**WORK REQUEST:** From the records below, output exactly the lines starting at the line with "Ở cùng gia đình" and ending at the line with "骨盤ストレッチ運動以外にも背もたれクッションとして使用可能です。", both of them included, but no pictures.

**MATERIAL PROVIDED:**
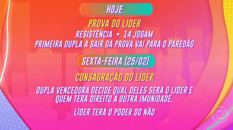 – Consagração do Líder – dupla vencedora decide qual deles será o Líder e quem terá direito a outra imunidade
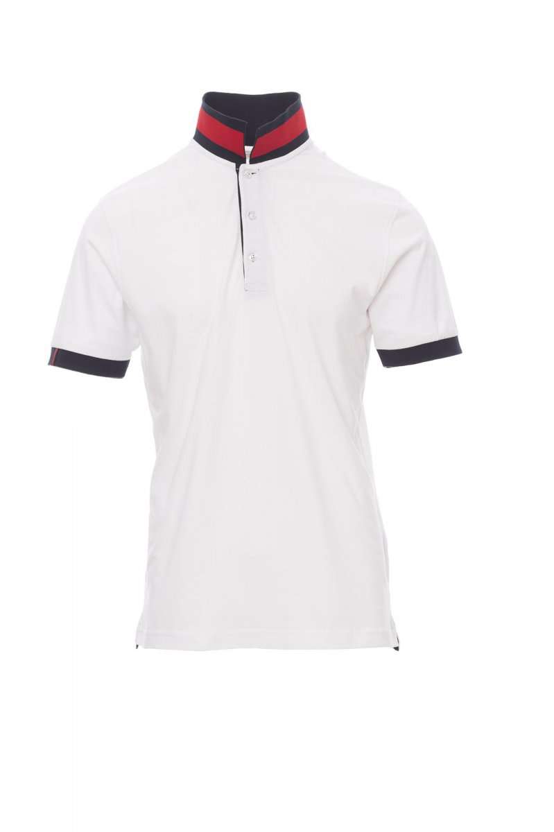 Polo da uomo a manica corta a 3 bottoni in tinta ad effetto perlato, colletto da un lato in tinta dall'altro lato con colori a contrasto a fasce, visibile solo se alzato. Interno abbottonatura collo e spacchetti laterali con contrasto, bordo manica dx con fine inserto nei colori del collo, bordo manica a costine, cuciture del collo coperte con nastro a contrasto, nastro di rinforzo laterale, rinforzo sagomato retro collo.
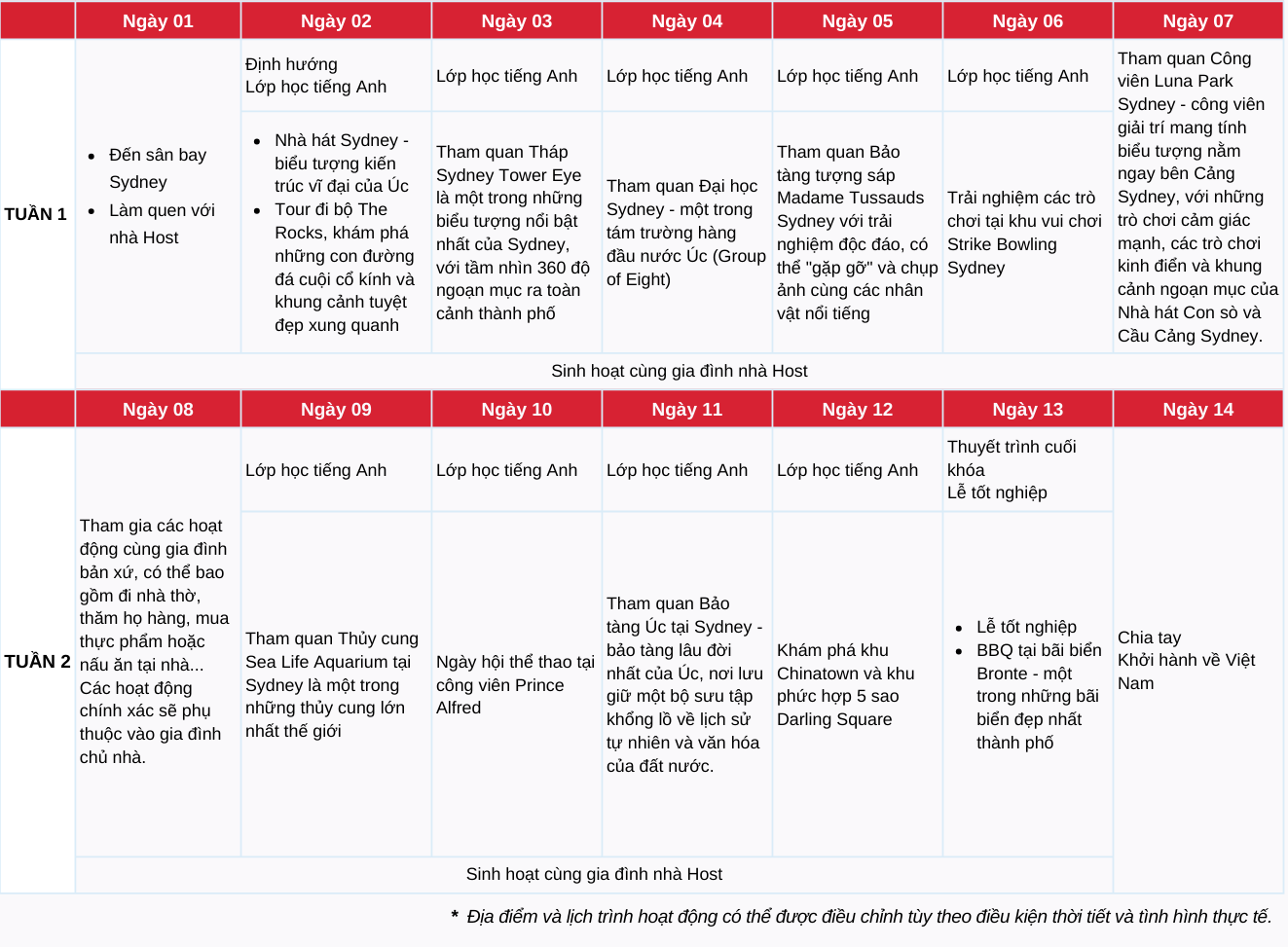 Ở cùng gia đình bản xứ (homestay) thân thiện, học viên sẽ được trải nghiệm cuộc sống của người Úc một cách chân thực và gần gũi. Đây là cơ hội tuyệt vời để học viên rèn luyện khả năng giao tiếp tiếng Anh, đồng thời hiểu thêm về văn hóa, ẩm thực và lối sống đặc trưng của đất nước Australia.
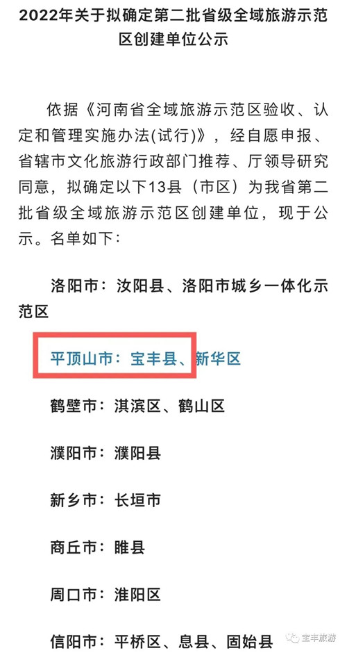 寶豐縣歷史悠久,文化厚重。秦置父城縣,北宋宣和二年,因境內(nèi)治鐵、制瓷、釀酒業(yè)興盛,寶貨興發(fā),物寶源豐,被宋徽宗賜名“寶豐”。寶豐是中國汝瓷文化之鄉(xiāng)、中國魔術(shù)之鄉(xiāng)、中國曲藝之鄉(xiāng)、中國酒文化之鄉(xiāng)、中國長壽之鄉(xiāng)和全國十佳文化旅游名縣。
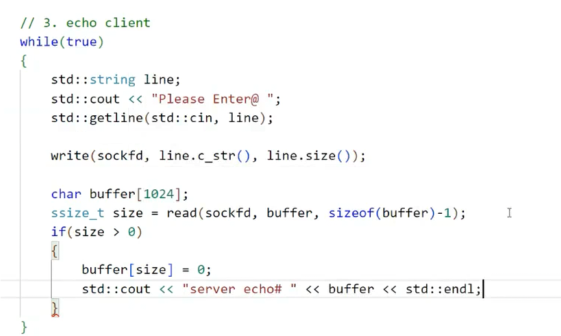 理清核心问题后,直接上 echo 客户端和服务器的核心代码,结合图片里的逻辑拆解。
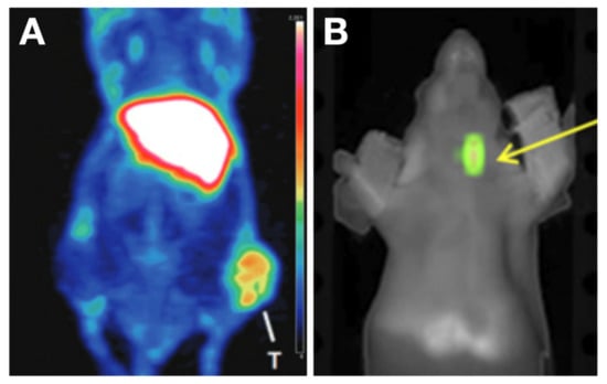 Characterization of [89Zr]Zr-Gal-3 in TC xenografts. (A) PET image acquired at 48 h post radiotracer injection in a subcutaneous TC model showed an apparent accumulation of [89Zr]Zr-Gal-3 in a tumor at the right thigh; Reproduced with permission from copyright 2016 American Association for Cancer Research [124]. (B) TC in an orthotopic model was visualized after injection of Cy5.5-Gal-3 with fluorescence imaging in the neck. Reproduced with permission from [125] copyright 2019 Society of Nuclear Medicine and Molecular Imaging.
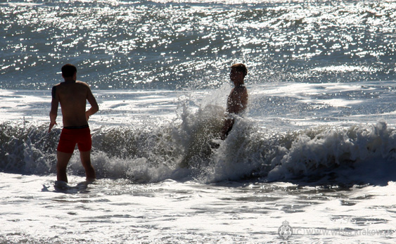 Tym razem piłkarze biegali wzdłuż morza wzburzonego mocnym wiatrem, który wieje od soboty. Mimo wysokich fal znaleźli się śmiałkowie, którzy na koniec zajęć na plaży zdecydowali się wejść do wody. Kąpiel w zafalowanym morzu urządzili sobie Łukasz Burliga i Mateusz Kowalski.
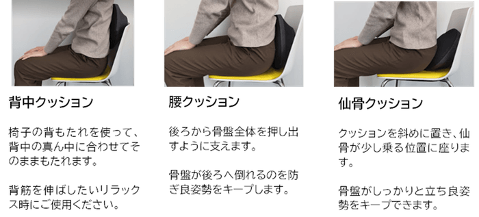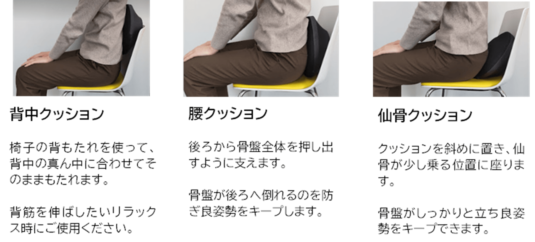 骨盤ストレッチ運動以外にも背もたれクッションとして使用可能です。
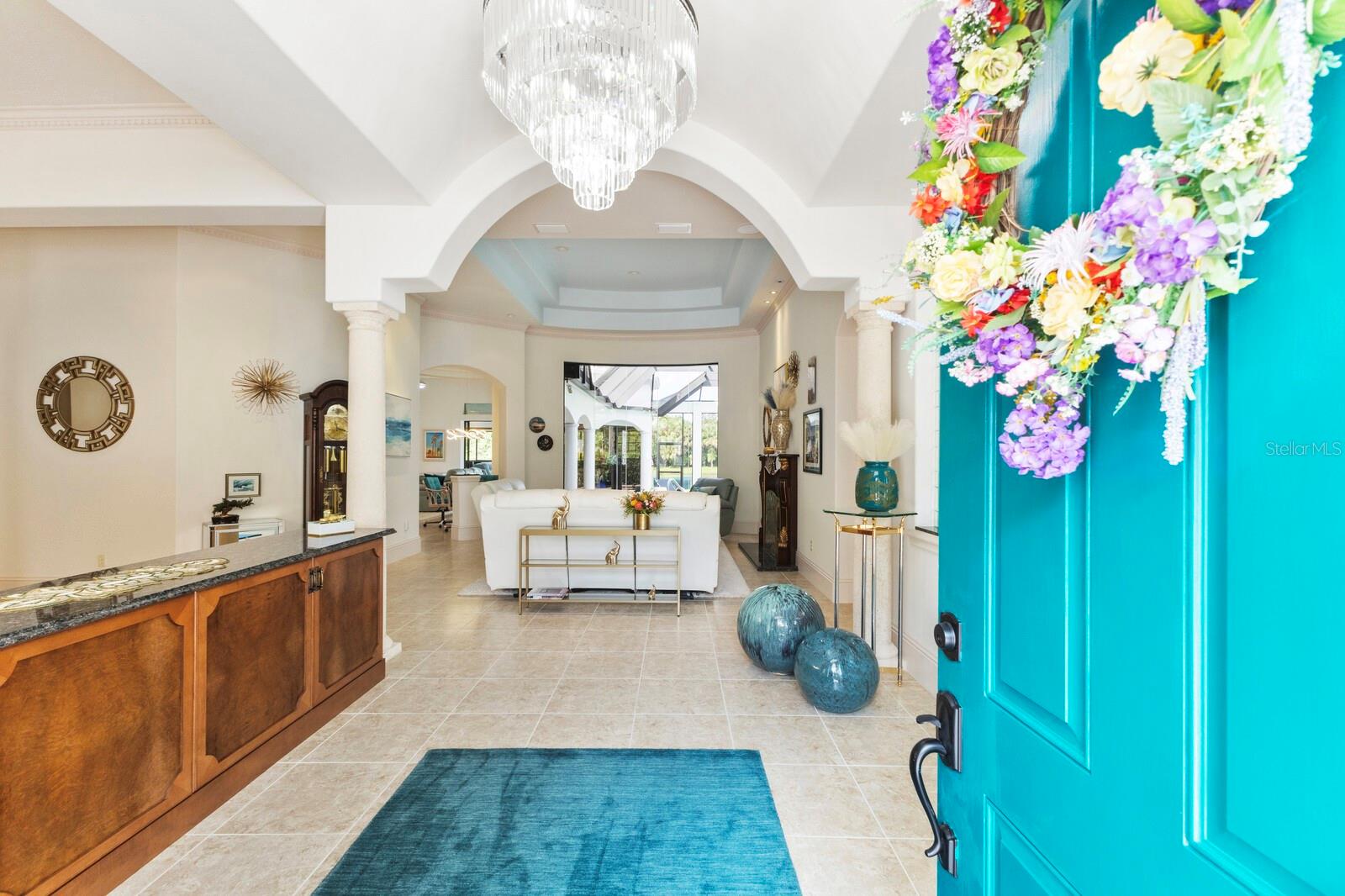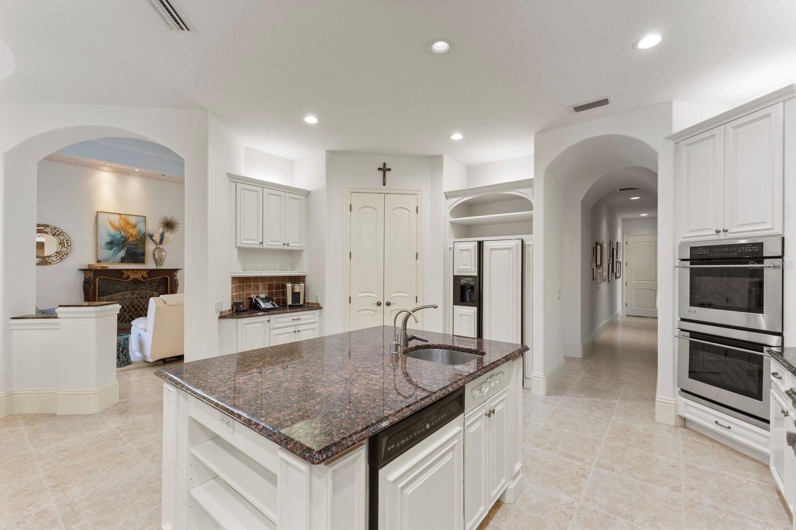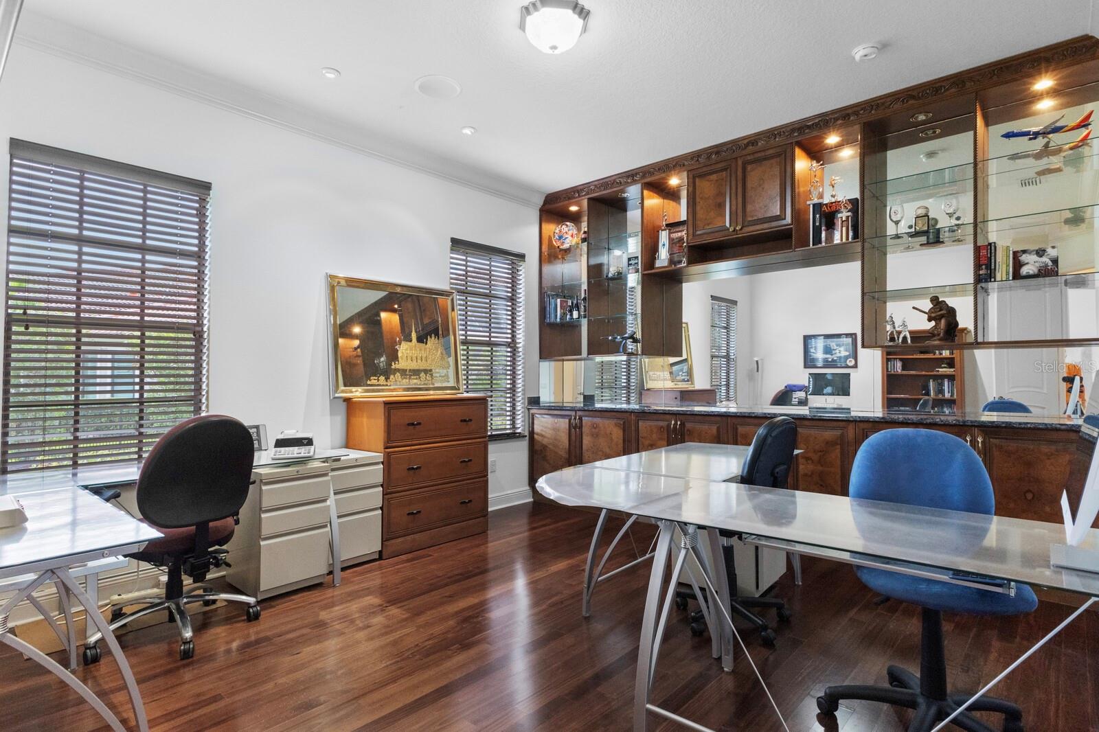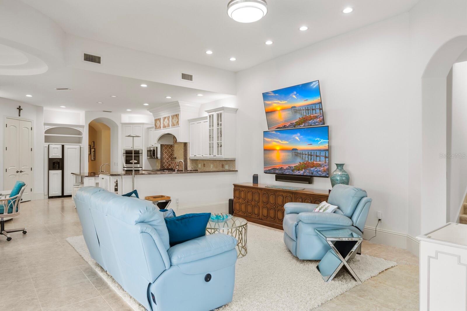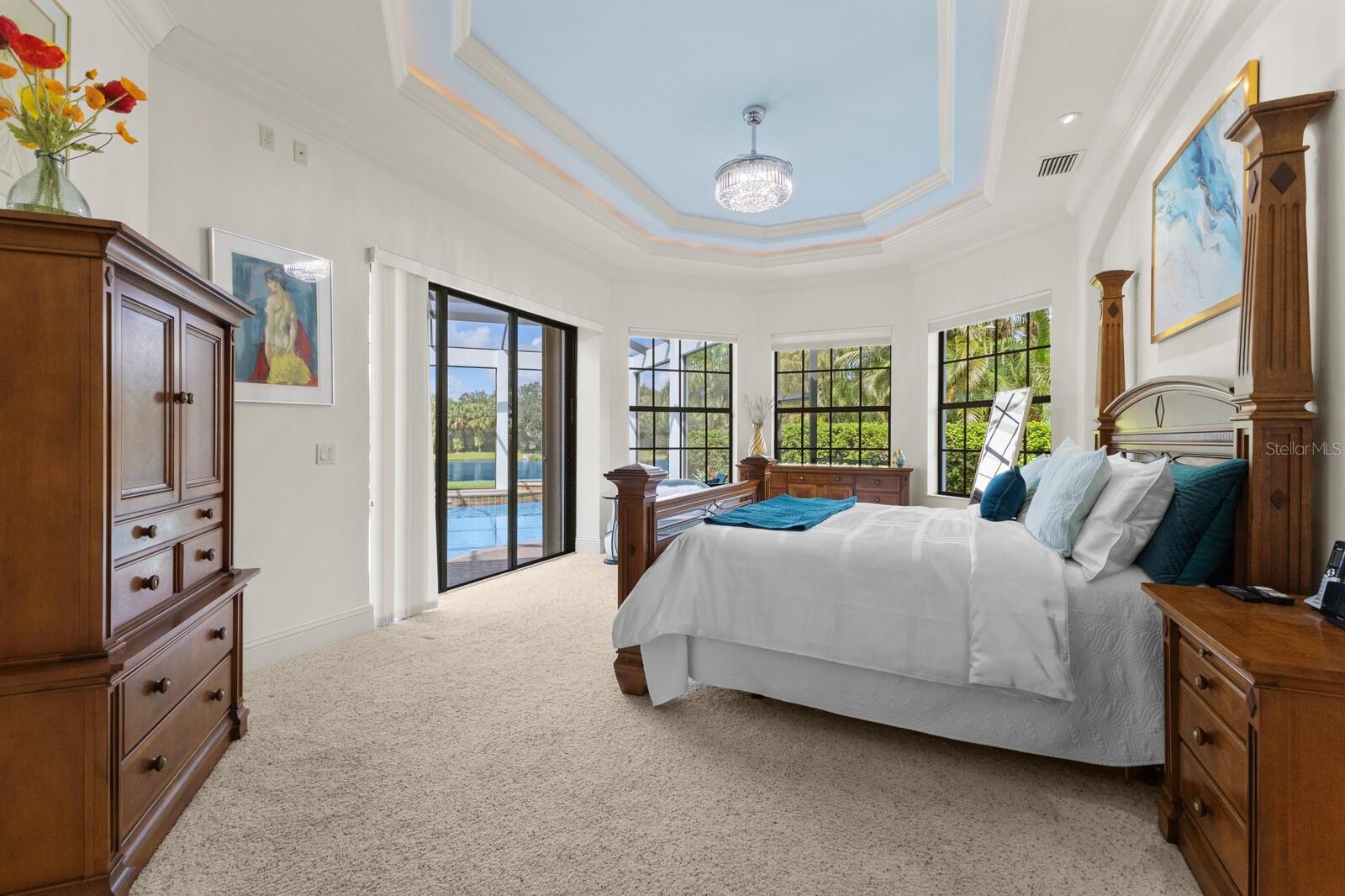 This lovingly maintained Lee Wetherington custom home in Sarasota’s exclusive Founders Club golf community is situated on a private lot which offers breathtaking daily views of wildlife. Whether you’re relaxing on the first-floor lanai or enjoying the upstairs balcony, the unobstructed vistas of nature make it easy to connect with the tranquility of the outdoors. The grand entryway leads to an impressive foyer and formal living area featuring a hand-carved wood and granite natural gas fireplace straight ahead, with an oversized dining room suitable for entertaining on the left. The expansive Florida room boasts three walls of glass sliders, screen windows, a natural gas fireplace, and a wet bar, making it a perfect space for relaxing, entertaining, or even as a playroom or sunroom. The gourmet kitchen is a chef’s dream, featuring two sinks, two GE Profile dishwashers, two GE Monogram ovens (both with convection options), GE Profile Arctica refrigerator, a microwave, stone countertops, and resurfaced off-white cabinetry. The six-burner GE Monogram gas cooktop includes a built-in grill and exterior vented hood, while the large center island contains a prep sink for added convenience. The luxurious primary suite offers two spacious walk-in closets and an impressive bath with dual stone vanities, a jetted tub, and a two-person walk-in shower. Two additional bedrooms, one en suite, are located on the first floor in addition to a 13x15 office with custom storage which can easily accommodate multiple work spaces. Upstairs is ideal for long term guests with its large open area, bedroom and full bath as well as a screened balcony overlooking the serene pond. The bedroom sliders retract at the corners, providing an amazing view of the pond. All closets and shelving throughout the house are custom-built, providing both functionality and style. This exceptional home is equipped with a 40-kilowatt Olympian natural gas whole-house generator. A multi-use, 15-by-13-foot saferoom on the first floor can also serve as a home gym, craft room, or storage area in addition to its stated purpose of providing a safe place during high winds. This home is not in a flood zone and has not experienced water intrusion from storms. Other features include three heating and cooling units, a whole-house water softening and reverse osmosis system, instant hot water faucet in the kitchen and water filling faucet at the stove. Recent upgrades to the pool and spa include a new pump in 2020, resurfacing in 2021, new remote-control system in 2021 and heater in 2022. Various types of memberships in the exclusive Founders Golf Club are available but membership is not required to live in the community. Access to the private golf course from this home is provided by a wooden cart path located just down the street. Home ownership provides access to the Community Center, pickle ball and tennis courts, kids’ playground and multiple activities. This home offers an unparalleled combination of luxury, security, and convenience, making it an ideal retreat for those seeking comfort and tranquility in an exquisite setting.

**ANSWER SPACE:**
 Ở cùng gia đình bản xứ (homestay) thân thiện, học viên sẽ được trải nghiệm cuộc sống của người Úc một cách chân thực và gần gũi. Đây là cơ hội tuyệt vời để học viên rèn luyện khả năng giao tiếp tiếng Anh, đồng thời hiểu thêm về văn hóa, ẩm thực và lối sống đặc trưng của đất nước Australia.
 寶豐縣歷史悠久,文化厚重。秦置父城縣,北宋宣和二年,因境內(nèi)治鐵、制瓷、釀酒業(yè)興盛,寶貨興發(fā),物寶源豐,被宋徽宗賜名“寶豐”。寶豐是中國汝瓷文化之鄉(xiāng)、中國魔術(shù)之鄉(xiāng)、中國曲藝之鄉(xiāng)、中國酒文化之鄉(xiāng)、中國長壽之鄉(xiāng)和全國十佳文化旅游名縣。
 理清核心问题后,直接上 echo 客户端和服务器的核心代码,结合图片里的逻辑拆解。
 Characterization of [89Zr]Zr-Gal-3 in TC xenografts. (A) PET image acquired at 48 h post radiotracer injection in a subcutaneous TC model showed an apparent accumulation of [89Zr]Zr-Gal-3 in a tumor at the right thigh; Reproduced with permission from copyright 2016 American Association for Cancer Research [124]. (B) TC in an orthotopic model was visualized after injection of Cy5.5-Gal-3 with fluorescence imaging in the neck. Reproduced with permission from [125] copyright 2019 Society of Nuclear Medicine and Molecular Imaging.
 Tym razem piłkarze biegali wzdłuż morza wzburzonego mocnym wiatrem, który wieje od soboty. Mimo wysokich fal znaleźli się śmiałkowie, którzy na koniec zajęć na plaży zdecydowali się wejść do wody. Kąpiel w zafalowanym morzu urządzili sobie Łukasz Burliga i Mateusz Kowalski.
 骨盤ストレッチ運動以外にも背もたれクッションとして使用可能です。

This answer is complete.